*Supplied data*
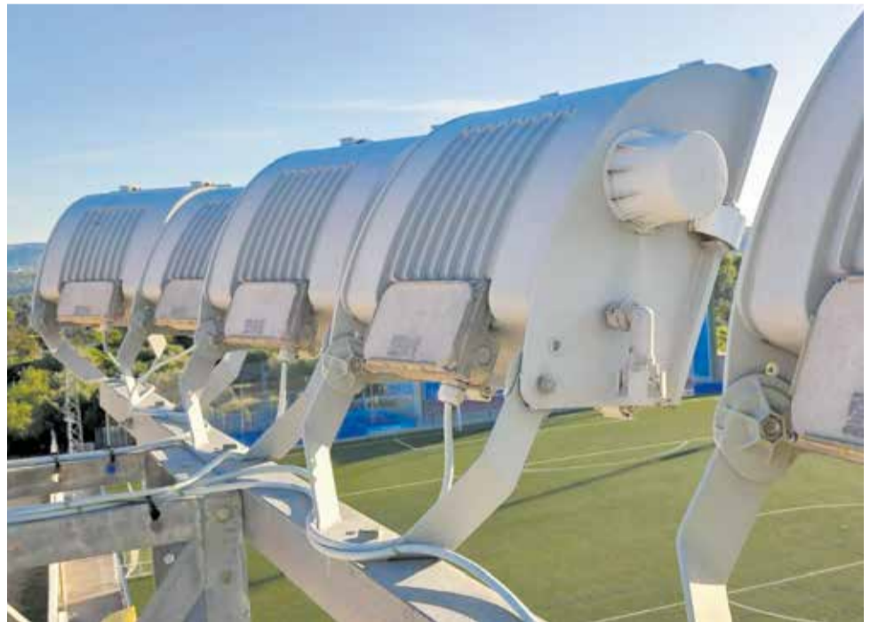
Nueva iluminación en el campo de fútbol municipal de Macastre.

Con esta actuación, el consistorio continúa apostando por la modernización de las instalaciones deportivas municipales y por ofrecer espacios más eficientes y adecuados para la práctica del deporte.
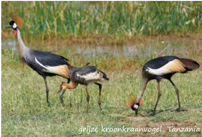
grijze kroonkraanvogel, Tanzania,

namelijk veel minder op het strand en in de mangroves. Dat rondje neemt zo'n drie uur in beslag, met elke keer zo'n 30-40 verschillende vogelsoorten. Elk jaargetij heeft zijn eigen karakter. In de zomer is, begrijpelijk, niet heel veel te zien, maar zelfs dan kan je de Indische scharrelaar met zijn prachtige turquoise vleugels bewonderen. De beste
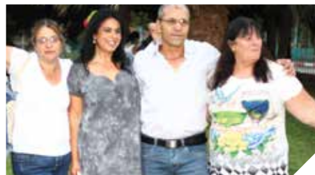
מחבקים את משפחת אקים

בגיר סובל ממוגבלות שכלית התפתחותית, במימון משרד הרווחה. התוכנית מספקת מענה טיפולי והדרכה בנושא כישורי חיים. הפנייה דרך העו"ס המטפל. כניסה לתוכנית ע"פ קריטריונים ותלוי תקציב של משרד הרווחה.
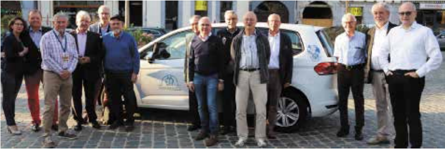
Remise de voiture pour Josephine Koch Stiftung

et créatifs. Lors de l'exercice 2018/2019 nous avons organisé un concert de musique avec le groupe «Shabby Chic's». Un succès total, car deux semaines avant la date du concert, nous étions « sold out »! Maintenant, bien sûr, nous réfléchissons à la façon de planifier notre prochain concert de musique.
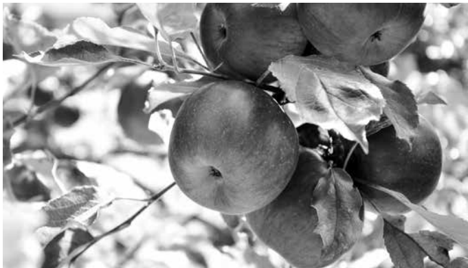
De vrucht van de appelboom is het gehemelte zoet.

Ook in de eerste helft van de negentiende eeuw, wanneer de beweging van het Réveil in ons land een belangrijke rol speelt, vooral in de steden Amsterdam en Den Haag, zien we belangstelling voor het Hooglied.
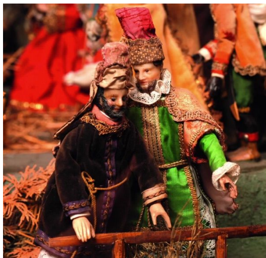
Zwei Königspagen im neuen Gewand

Bevor Gruber nach Ried gekommen war, hatte er schon mehrere Monate als Schulhilfe in Hochburg bei seinem ehemaligen Lehrer Andreas Peterlechner (1766-1836) absolviert, der seine musikalische Entwicklung sehr förderte. Durch die in Ried abgelegte Prüfung erwarb er die Berechtigung für eine österreichische Anstellung. Um seinen ersten Dienstposten als Lehrer im salzburgischen Arnsdorf antreten zu können, musste Gruber eine Art „Nostrifizierungsprüfung“ ablegen. Neben seiner Schulmeistertätigkeit hatte er auch noch Organistendienste im nahen Oberndorf zu erfüllen. Am 24. Dezember des Jahres 1818 übergab der Hilfspriester Joseph Mohr sein bereits zwei Jahre vorher entstandenes Gedicht „Stille Nacht, Heilige Nacht“ mit der Bitte dazu zwei Solostimmen mit Chor und Gitarre Begleitung zu schreiben. Die Uraufführung fand nur wenige Stunden später bei der Christmette vor der Kirchenkrippe statt.
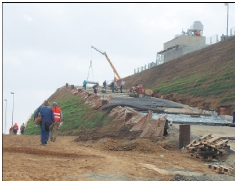
Dělníci pokládají zeminu a trávu na stěny budoucího obchodního komplexu, který je zajímavý tím, že bude vypadat jako zelený kopec.

Nový komplex se může chlubit i zcela nezvyklou architekturou – svažité fasády budou z velké části pokryty zeminou, tím vznikne travnatý svah příjemně splyne s okolním prostředím.
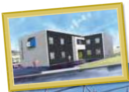
T様日中支援型グループホーム 三重県津市藤方1961-1
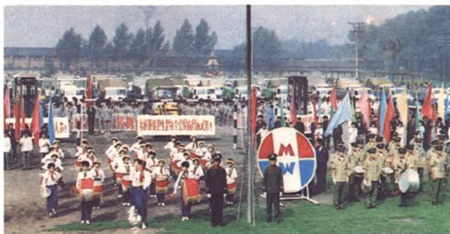
⇐ 牡丹江市“环卫工人节”庆祝大会会场一角。
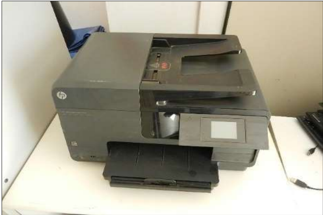
ITEM 1,006 - VISTA DA IMPRESSORA DESKJET MARCA: HP MOD: PP08610
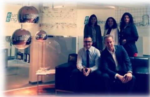
Das Team der euro engineering AG in Regensburg.

Seit dem ersten Juli 2013 ist euro engineering Regensburg neues Mitglied bei der Strategischen Partnerschaft Sensorik e.V. Das Unternehmen beschäftigt am hiesigen Standort 70 Mitarbeiter, die sich schwerpunktmäßig mit den Bereichen Automotive, Elektrotechnik, Anlagenbau und Kommunikationstechnik
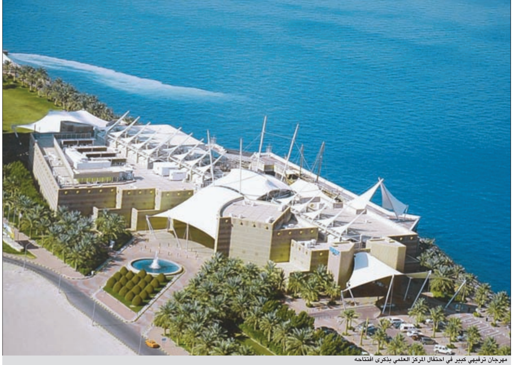
مهرجان ترفيهي كبير في احتفال المركز العلمي بذكرى افتتاحه

وبينت ان لجنة التحكيم تضم خبراء من دول عدة مثل كندا وروسيا والمانيا
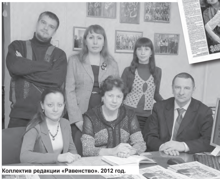
Коллектив редакции «Равенство». 2012 год.

*Task item*
Within the material above, how many lines include the string "engineering"? Give only the number.

*Reply to the task*
2